3. RapidMiner's process :
The RapidMiner’s process execute the following actions :
- Recovery of tweets including the keyword « Iphone » using the Search Twitter operator.
- Analysis of the sentiment of each tweet using the Analyze Sentiment operator of the AYLIEN extension. This operator determine the sentiment polarity of each tweet according to its content (negative, neutral, positive).
- Creation of a words matrix using the Process Documents from Data. In this step, tweets are tokenized, stop-words are filtered, the words are filtered by lenght (we only retain words whose number of characters is greater than 4).
- Aggregation of the words according to their sentiment polarity using the Aggregate operator inside a Loop Attribute subprocess.
- Sort and filtering of the 5 top words for each sentiment polarity value (negative, neutral, positive) using Sort and Filter Example Range operators.
4. Results
4.1 Sentiment analysis
We can see that for the 40 tweets :
- 4 tweets are considered as « negative ».
- 28 tweets are considered as « neutral ».
- 8 tweets are considered as « positive ».

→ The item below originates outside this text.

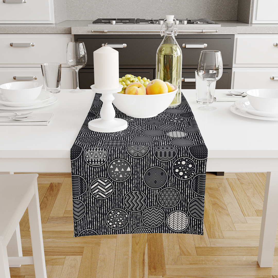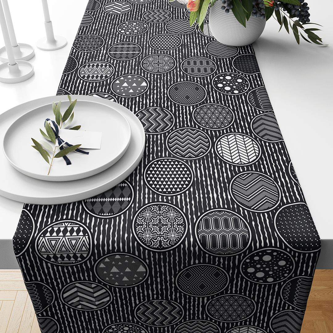 მაგიდის მორბენალი - ეთნიკური ყვავილოვანი უნაკერო ნიმუში მანდალას შავი ფონით -m10045

If we add the neutral and positive tweets, we can consider that 90 % of the tweets express an « overall positive » opinion of the Iphone.
4.2 Top words :
We sorted and filtered the 5 top words for each sentiment polarity value :
We can see that the words « Apple » and « Iphone » are in the 5 top words of the neutral and positive exprimed tweets.
5. Conclusions
After performing the sentiment analysis and the study of the 5 top words of each sentiment, we can conclude that the Tweeter members have an « overall positive » sentiment of the brand "Apple" and its flagship product the « Iphone ».
However we saw that in the most frequent words in the negative tweets are « word », « auto », « correctly », « corrects ». We can interpret that the Iphone’s users are not totally satisfied of the auto-correction tool of the Apple’s smartphone.
So we recommend to Apple to work on the improvement of this tool and to update the firmware of the Iphone.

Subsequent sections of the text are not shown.